Action item
Transcribe every line of the material below without change, apart from dropping the pictures.

Information provided
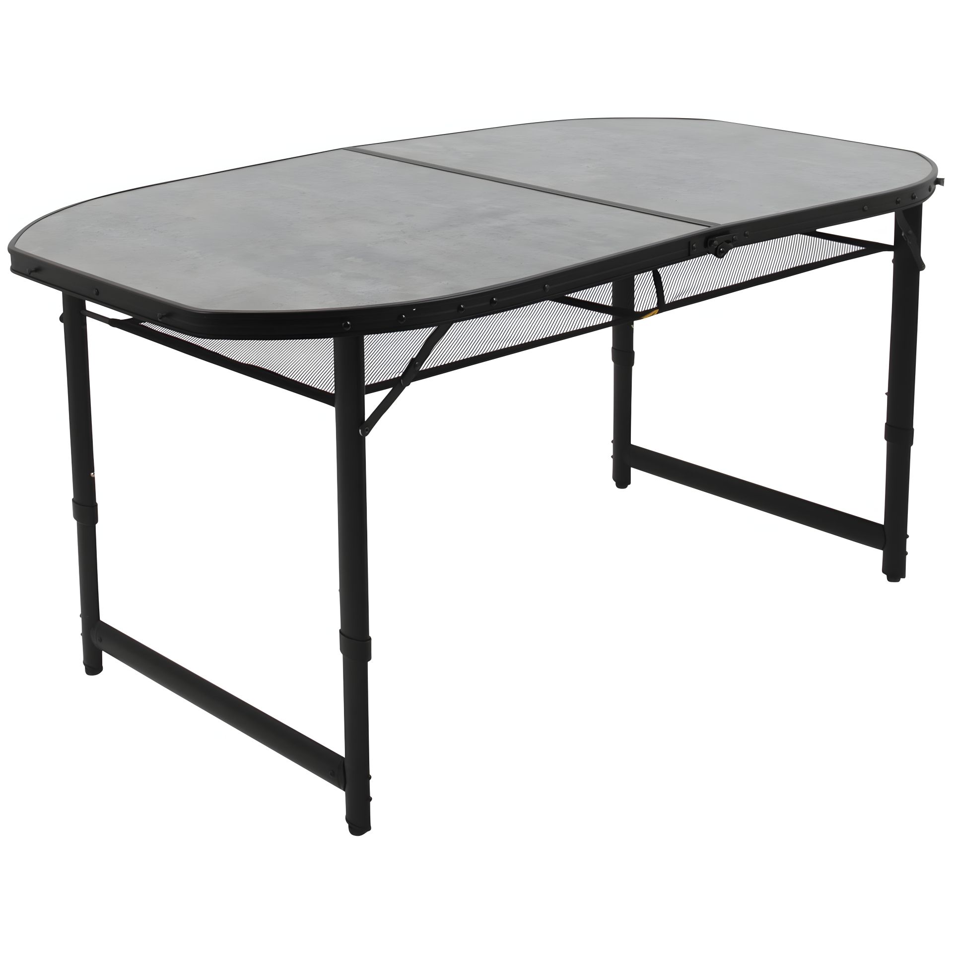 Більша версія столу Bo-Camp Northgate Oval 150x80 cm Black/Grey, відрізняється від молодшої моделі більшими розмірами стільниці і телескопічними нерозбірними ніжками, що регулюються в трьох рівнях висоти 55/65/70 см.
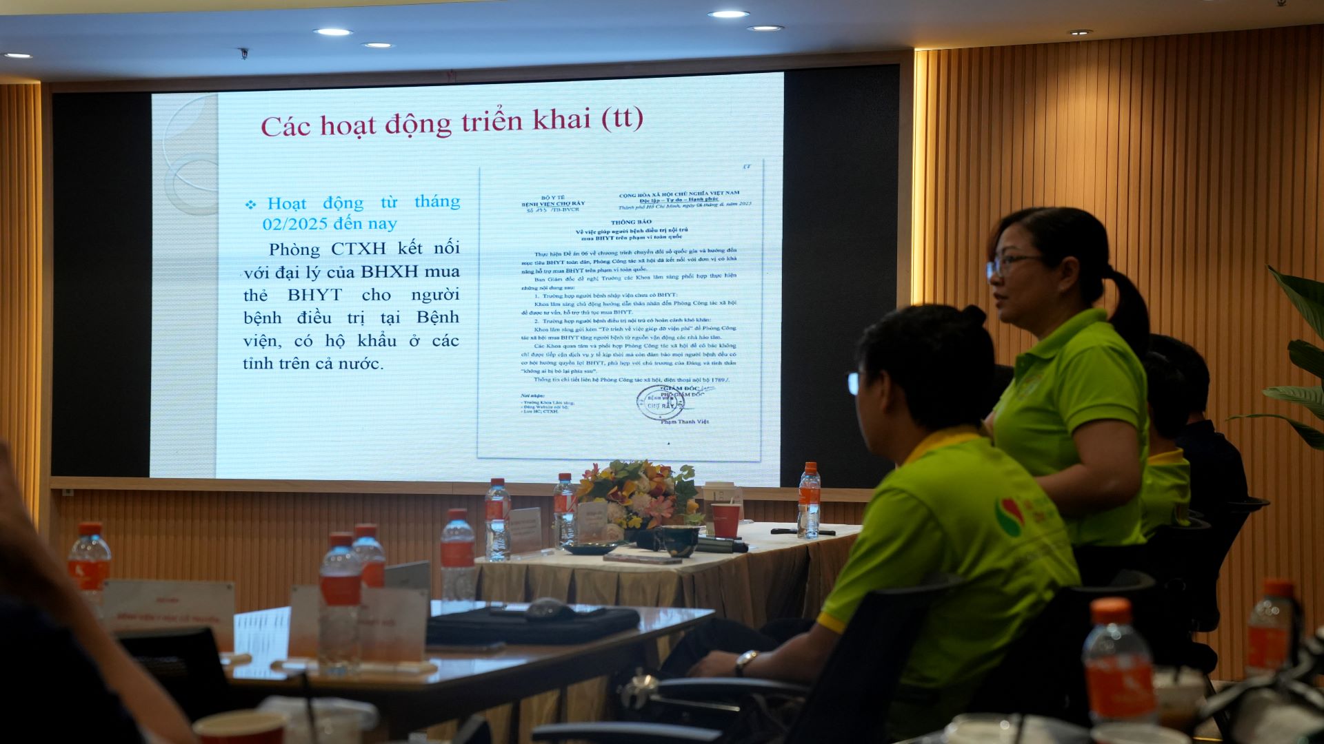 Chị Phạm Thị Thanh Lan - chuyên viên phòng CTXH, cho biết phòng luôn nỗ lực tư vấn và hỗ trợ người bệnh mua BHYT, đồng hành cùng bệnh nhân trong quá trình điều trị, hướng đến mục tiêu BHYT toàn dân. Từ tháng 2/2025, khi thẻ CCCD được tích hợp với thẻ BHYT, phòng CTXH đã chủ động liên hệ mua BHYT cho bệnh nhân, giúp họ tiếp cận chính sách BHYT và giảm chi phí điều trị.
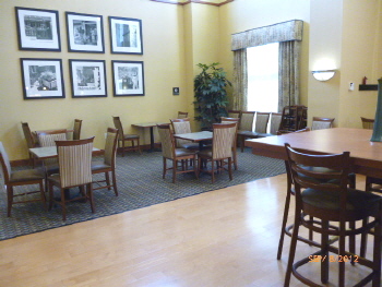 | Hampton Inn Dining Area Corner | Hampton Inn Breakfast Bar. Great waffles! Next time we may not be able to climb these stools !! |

Task answer
 Більша версія столу Bo-Camp Northgate Oval 150x80 cm Black/Grey, відрізняється від молодшої моделі більшими розмірами стільниці і телескопічними нерозбірними ніжками, що регулюються в трьох рівнях висоти 55/65/70 см.
 Chị Phạm Thị Thanh Lan - chuyên viên phòng CTXH, cho biết phòng luôn nỗ lực tư vấn và hỗ trợ người bệnh mua BHYT, đồng hành cùng bệnh nhân trong quá trình điều trị, hướng đến mục tiêu BHYT toàn dân. Từ tháng 2/2025, khi thẻ CCCD được tích hợp với thẻ BHYT, phòng CTXH đã chủ động liên hệ mua BHYT cho bệnh nhân, giúp họ tiếp cận chính sách BHYT và giảm chi phí điều trị.
 | Hampton Inn Dining Area Corner | Hampton Inn Breakfast Bar. Great waffles! Next time we may not be able to climb these stools !! |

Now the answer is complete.